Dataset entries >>
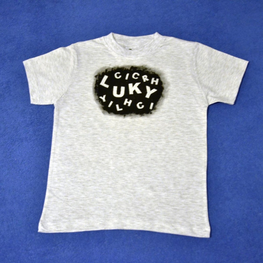 Dětské tričko barvy šedý melír, na přední straně černá písmenka, z kterých je poskládané jméno Luky, velikost na 8 let.
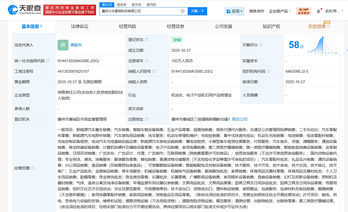 雷达财经讯,天眼查App显示,近日,惠州小米景明科技有限公司成立,法定代表人为黄振宇,注册资本100万人民币,经营范围含新能源汽车整车销售、汽车销售、智能车载设备销售、二手车经纪、汽车零配件零售、新能源汽车电附件销售、汽车装饰用品销售、机动车修理和维护、充电桩销售等,由小米景明科技有限公司全资持股。
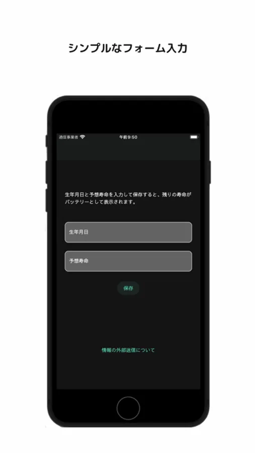 生年月日と予想寿命を入力するだけで、あなたの「残りの寿命」をバッテリーの形で表現します。
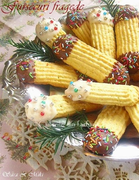 – Pentru glazura se taie ciocolata in bucati mici, se amesteca cu cate o lingura de ulei si se fierbe pe baie de aburi la temperatură mica, pana devine o masa compacta. Fursecurile se scufunda 2 cm in ciocolata, la un cap sau pentru diversitate la ambele capete. Se aseaza pe hartie pentru copt si se presara ornamente colorate cat ciocolata nu s-a intarit ca sa se lipeasca.
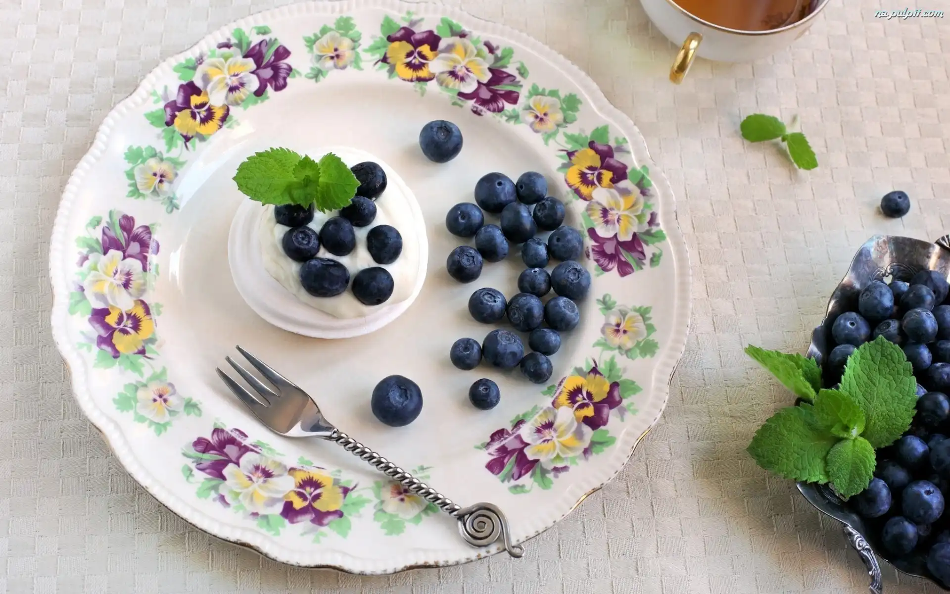 Mięty, Widelec, Talerz, Jagody, Listki
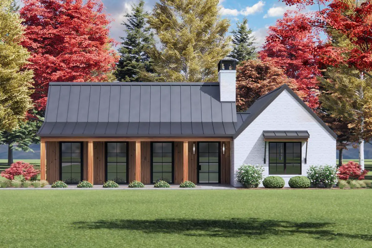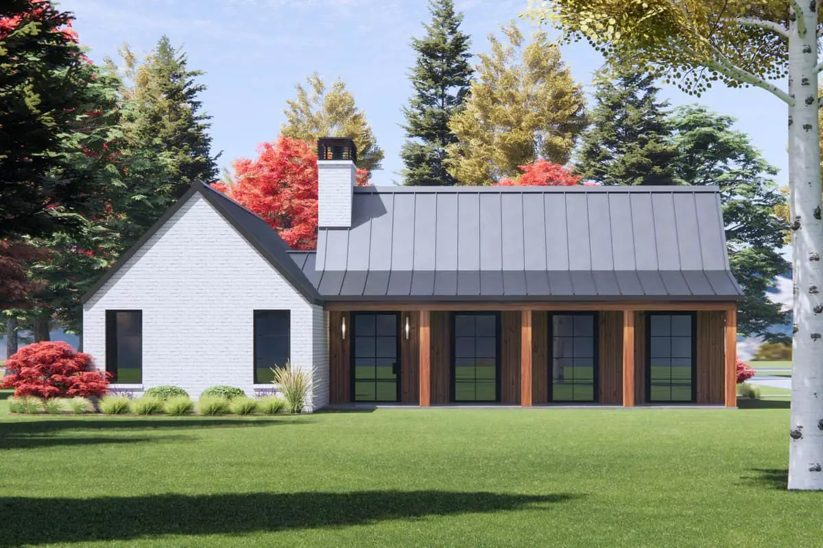 This **contemporary country house plan** combines smart design with a modest footprint.
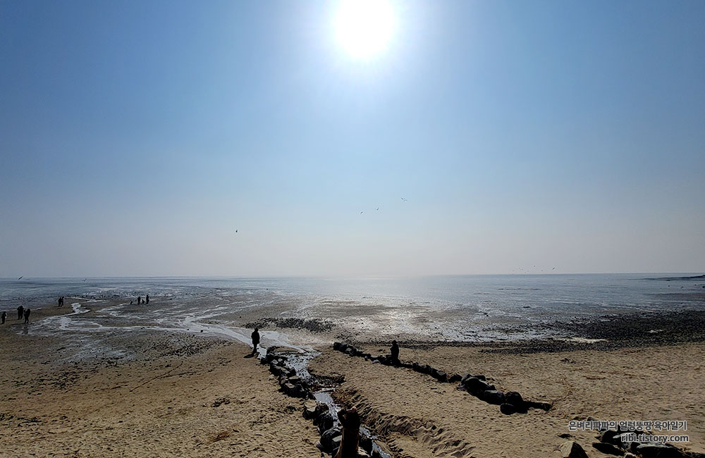 구름 한 점 없는 파란 하늘과 썰물이었던 동막해수욕장~
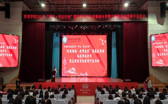 本网讯(通讯员 陈琛)11月10日下午,管理学院2021年“师友•学友行动”国奖获得者先进事迹分享暨文明寝室创建期中总结会于大礼堂举行。活动以“头雁领航•使命在肩”为主题。学工部部长金殿中、校团委书记文敏、财务处处长王诗龙、人事处副处长姜娜、财务处副处长宋金江等相关职能部门领导参加会议。
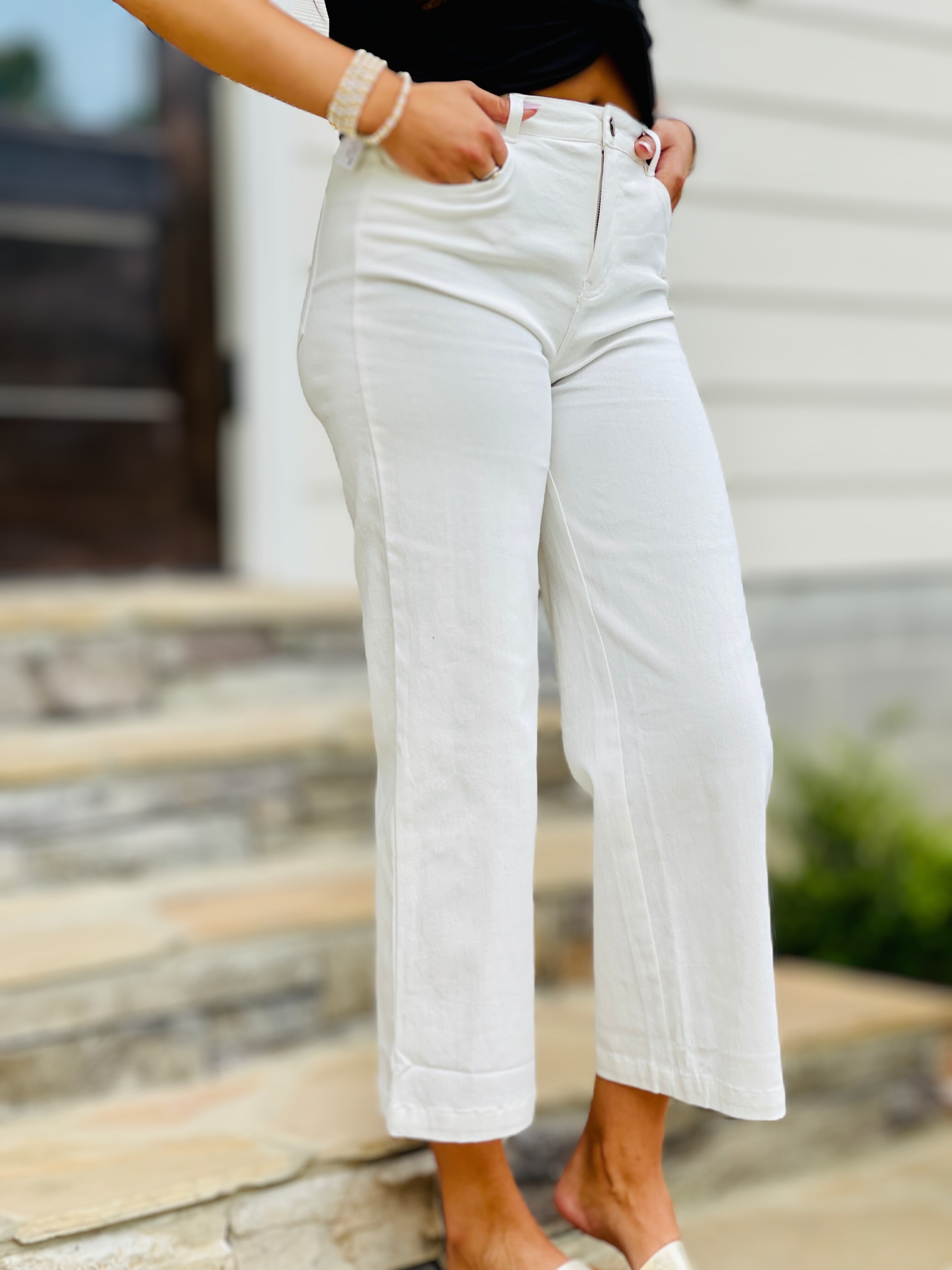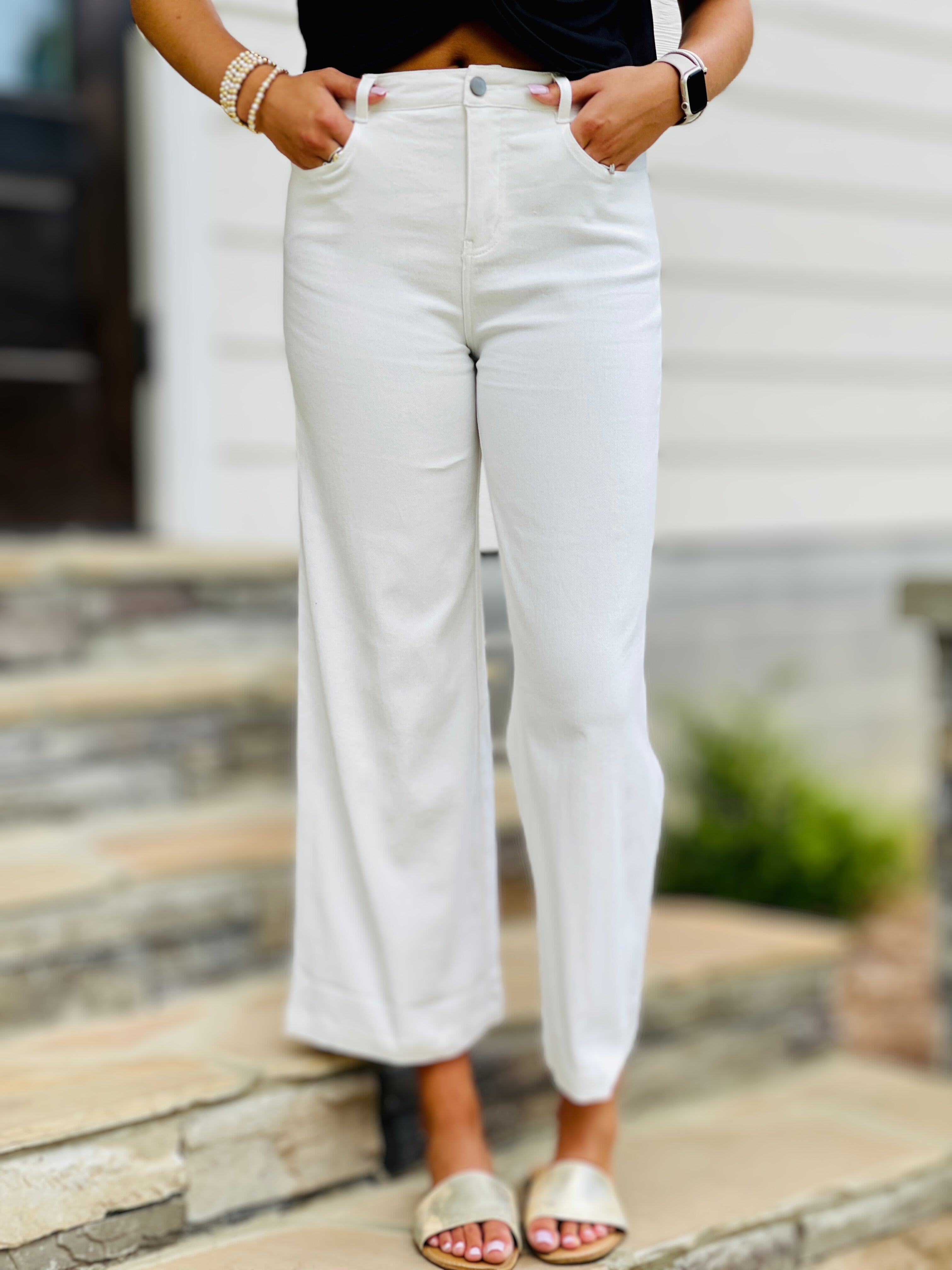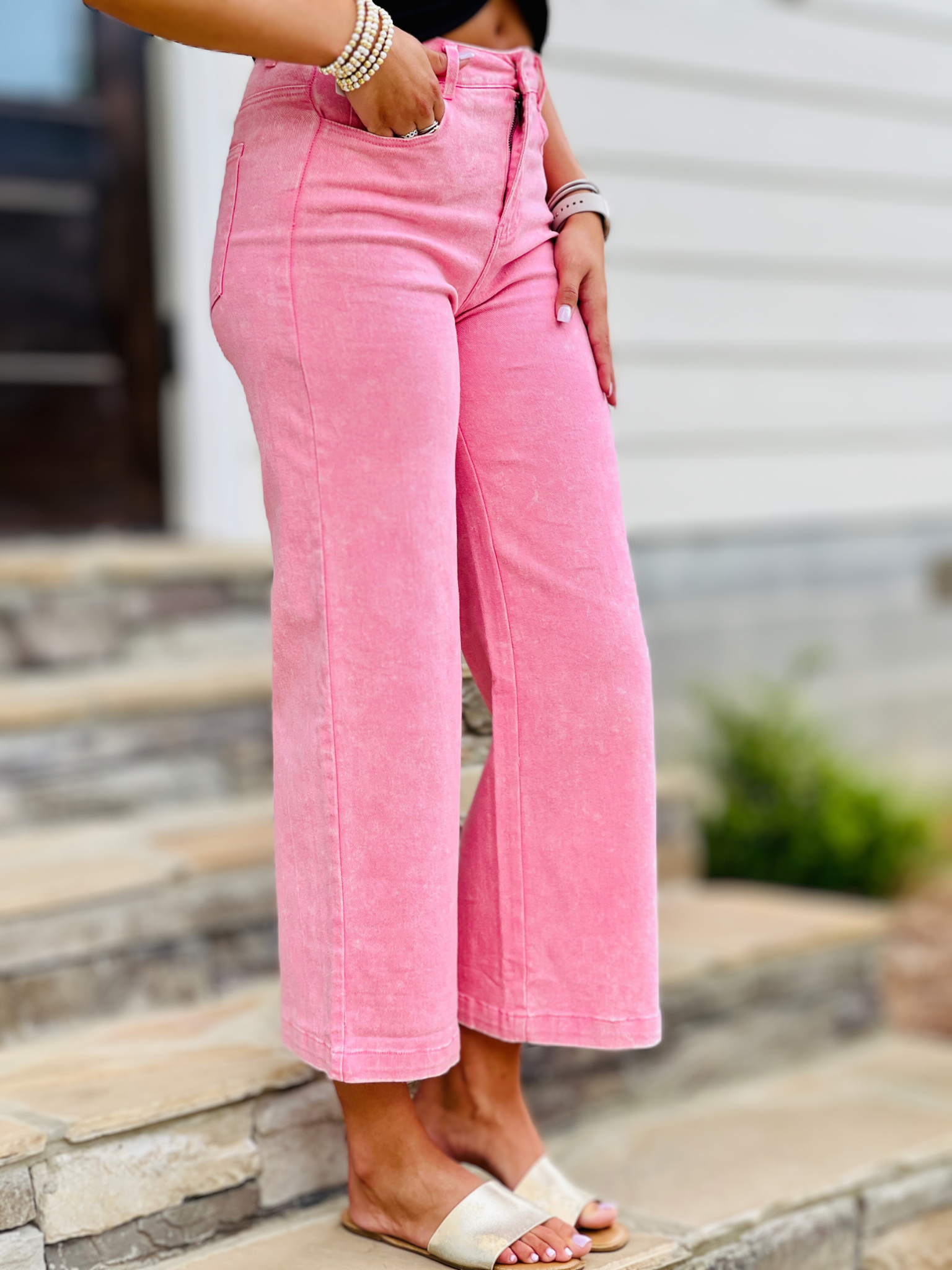 These stylish and light Acid Wash High Waisted Wide Leg Pants are designed for comfort and convenience. Features include a zipper front closure, pockets at side and back, and an unlined woven non-sheer design. Perfect for any occasion.
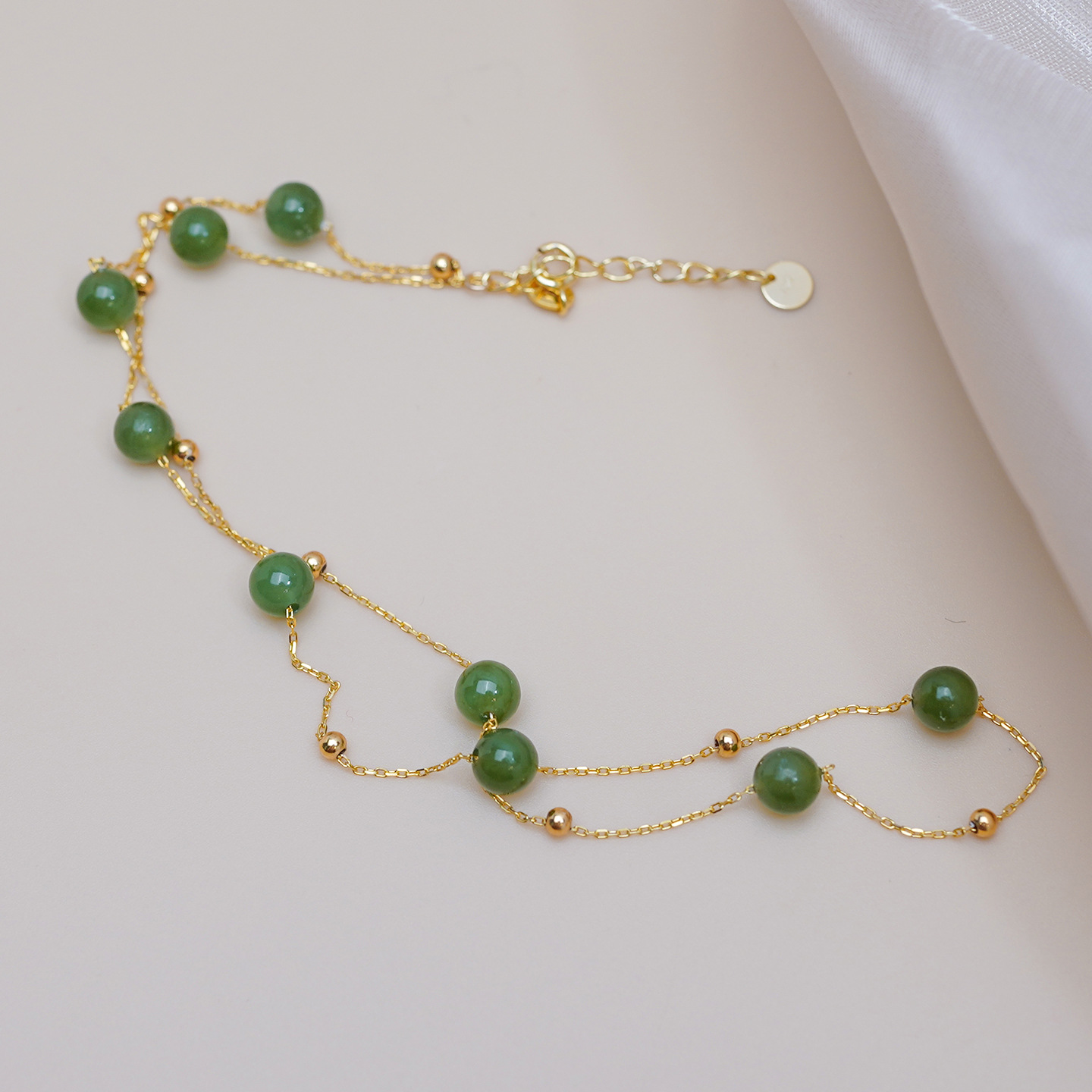New Chinese Style Retro Elegant Hetian Jasper Gold Bead Necklace 925 Sterling Silver Niche Baby's Breath Clavicle Chain 508127

AIM OF THE TASK >>
Copy nothing but the lines above from the one with "sa se lipeasca." to the one with "Mięty, Widelec, Talerz, Jagody, Listki", inclusive, word for word. Leave every picture out.

RESPONSE BOX >>
 – Pentru glazura se taie ciocolata in bucati mici, se amesteca cu cate o lingura de ulei si se fierbe pe baie de aburi la temperatură mica, pana devine o masa compacta. Fursecurile se scufunda 2 cm in ciocolata, la un cap sau pentru diversitate la ambele capete. Se aseaza pe hartie pentru copt si se presara ornamente colorate cat ciocolata nu s-a intarit ca sa se lipeasca.
 Mięty, Widelec, Talerz, Jagody, Listki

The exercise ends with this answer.